Click follow and update two computer vision articles a day

1. Original title of the paper:

Simonyan K, Zisserman A. Two-stream convolutional networks for action recognition in videos[C]//Advances in neural information processing systems. 2014: 568-576

2. Main Contributions:

1. A dual-flow convolutional network model is proposed, which includes spatial network and temporal network.

2. On a limited data set, a model with good performance on multiple dense optical flow frames is proposed. (Again referring to the two-flow convolutional network)

3. Multi-task learning is proposed, and the model is trained on two different behavioral classification data sets, which increases the training data and improves the training effect.
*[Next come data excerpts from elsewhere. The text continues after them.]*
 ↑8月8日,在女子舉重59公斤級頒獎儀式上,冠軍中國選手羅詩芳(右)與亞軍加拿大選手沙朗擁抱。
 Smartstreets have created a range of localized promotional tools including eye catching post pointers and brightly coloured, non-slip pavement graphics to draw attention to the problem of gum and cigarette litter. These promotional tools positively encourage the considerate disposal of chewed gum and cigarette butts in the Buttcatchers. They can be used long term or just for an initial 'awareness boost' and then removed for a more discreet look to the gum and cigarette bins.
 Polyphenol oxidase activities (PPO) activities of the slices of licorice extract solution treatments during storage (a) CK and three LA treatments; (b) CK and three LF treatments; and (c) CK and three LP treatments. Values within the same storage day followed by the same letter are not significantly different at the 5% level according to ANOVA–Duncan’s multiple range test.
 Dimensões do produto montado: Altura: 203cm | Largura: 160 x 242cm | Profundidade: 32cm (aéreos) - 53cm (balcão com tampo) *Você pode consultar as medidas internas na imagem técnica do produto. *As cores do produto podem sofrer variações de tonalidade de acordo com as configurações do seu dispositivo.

  1. Dual flow model structure

As shown in the figure above, the model is divided into two parts. The spatial Stream part takes single frame image as input, and the Temporal Stream part takes optical flow of multi-frame image as input, and the two parts conduct late fusion after SoftMax. In this paper, two fusion methods are proposed, one is to use average method, the other is to train a multi-classification SVM classifier, SVM classifier uses L2-Softmax as input.

3.1 Optical flow convolutional network

L+1 frames were used to calculate the optical flow (all of which were calculated before the model started), and 2L frames (every 2 frames can get an optical flow in the x direction and y direction) were obtained. The sequence of 2L frames is 2K-1 in the X direction and 2K in the Y direction. (The paper conducted a comparative experiment on the value of L and found that 10 is better)
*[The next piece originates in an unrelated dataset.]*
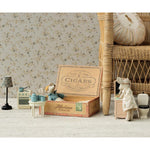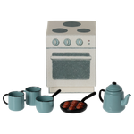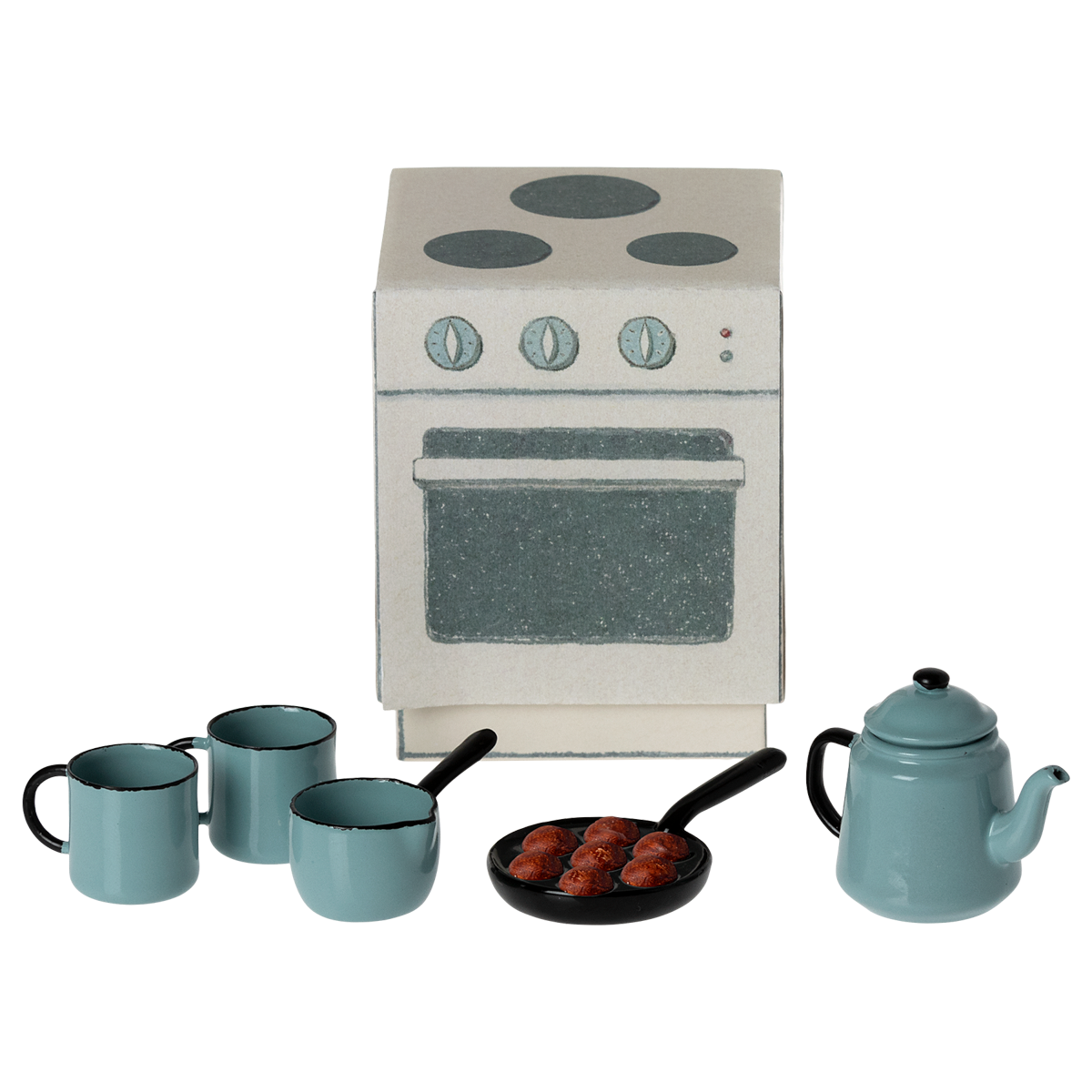 A miniature cooking set with all Madam Blue`s favorites. A can and two cups, a saucepan and a pan with delicious puff cakes which is a traditional scandinavian treat in the winter time. All these parts come in a paper box that looks like a stove.

Bidirectional optical flow: at time t, t+L /2 is taken as the forward flow and T-L /2 as the reverse flow (the reverse flow here refers to the calculation of the displacement in the opposite direction in the paper, I am not clear about its significance and its use), so the 2L frame is still obtained.

Subtract the average flow: Generally speaking, the optical flow of two frames includes not only the movement of objects in the image, but also the movement of the camera. However, the model only needs to train the moving flow of objects, so the paper proposes to calculate the mean value of optical flow, and then subtract the mean value point by point, so as to avoid the influence of camera movement on model training.

The model is a fixed size: 224x224x2L. (Note that the L here refers to optical flow, not the original image)

Data sets: UCF-101 and HDB-51

4. Multi-task training

Too little data set will lead to over-fitting. In order to avoid this situation, this paper sets up two Softmax layers, one for UCF-101 and the other for HDB-51. They have their respective Loss functions, and the sum of the two is used as loss for training.

5. Evaluate

5.1 There are three training methods for spatial network:

Retrain on ucF-101

Pre-training on ILSVRC-2012, finetune on UCF-101.

Fixed pretraining network, training only the last layer.

It turned out that the third method worked better. (Dropout is used here to prevent overfitting.)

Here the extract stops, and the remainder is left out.